» **Provided data**
---

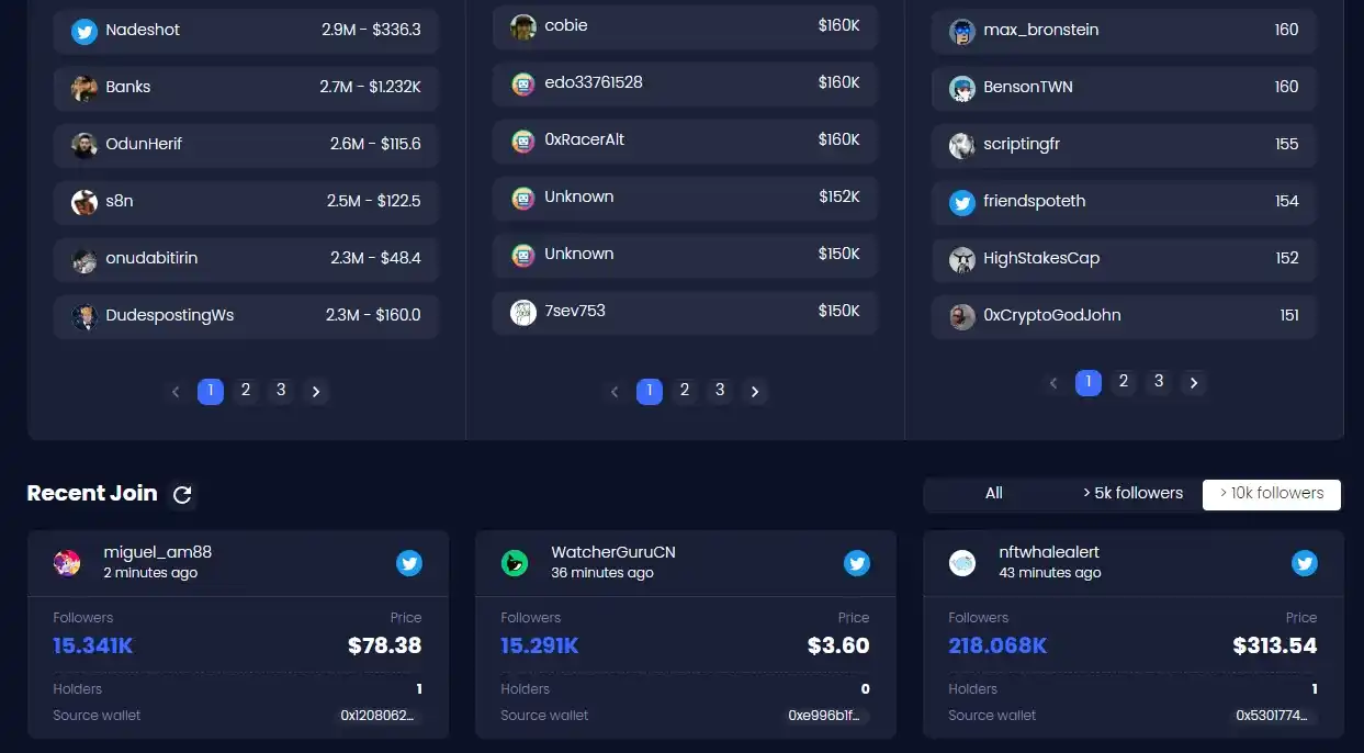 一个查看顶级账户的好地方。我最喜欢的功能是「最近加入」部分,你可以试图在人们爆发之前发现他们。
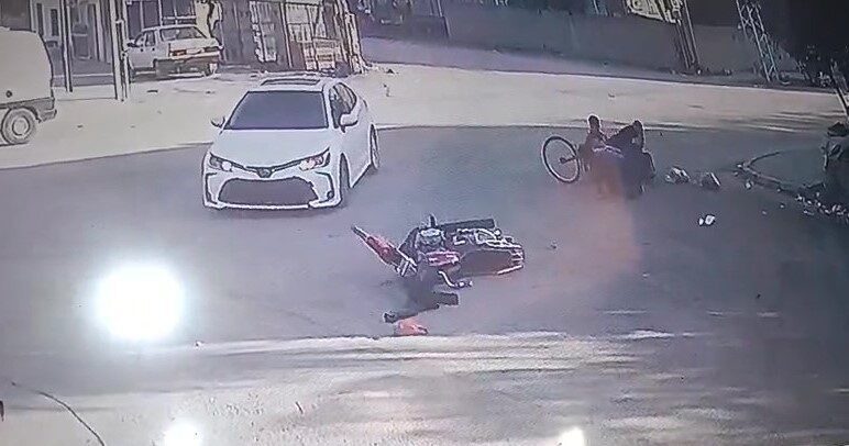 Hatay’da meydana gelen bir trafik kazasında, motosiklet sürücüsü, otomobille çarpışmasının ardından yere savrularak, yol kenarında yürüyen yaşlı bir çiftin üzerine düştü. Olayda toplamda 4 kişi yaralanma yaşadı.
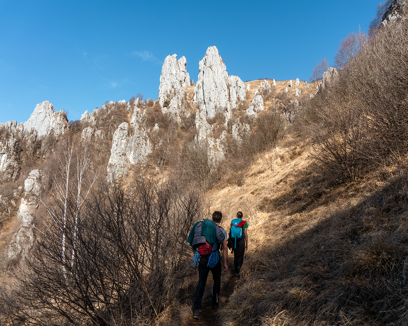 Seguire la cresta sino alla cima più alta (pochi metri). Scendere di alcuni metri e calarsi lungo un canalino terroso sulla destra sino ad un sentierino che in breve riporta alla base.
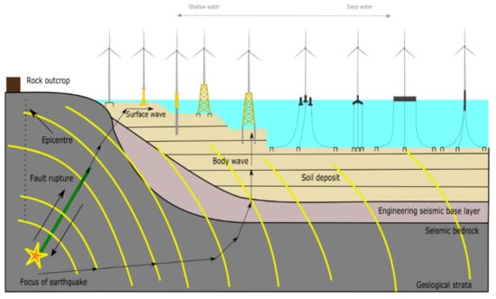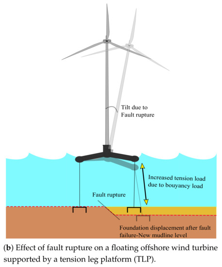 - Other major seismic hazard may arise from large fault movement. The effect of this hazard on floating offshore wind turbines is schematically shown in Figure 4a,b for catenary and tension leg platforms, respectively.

---

Output the full listing verbatim, but drop the images.

» **Task output**
 一个查看顶级账户的好地方。我最喜欢的功能是「最近加入」部分,你可以试图在人们爆发之前发现他们。
 Hatay’da meydana gelen bir trafik kazasında, motosiklet sürücüsü, otomobille çarpışmasının ardından yere savrularak, yol kenarında yürüyen yaşlı bir çiftin üzerine düştü. Olayda toplamda 4 kişi yaralanma yaşadı.
 Seguire la cresta sino alla cima più alta (pochi metri). Scendere di alcuni metri e calarsi lungo un canalino terroso sulla destra sino ad un sentierino che in breve riporta alla base.
 - Other major seismic hazard may arise from large fault movement. The effect of this hazard on floating offshore wind turbines is schematically shown in Figure 4a,b for catenary and tension leg platforms, respectively.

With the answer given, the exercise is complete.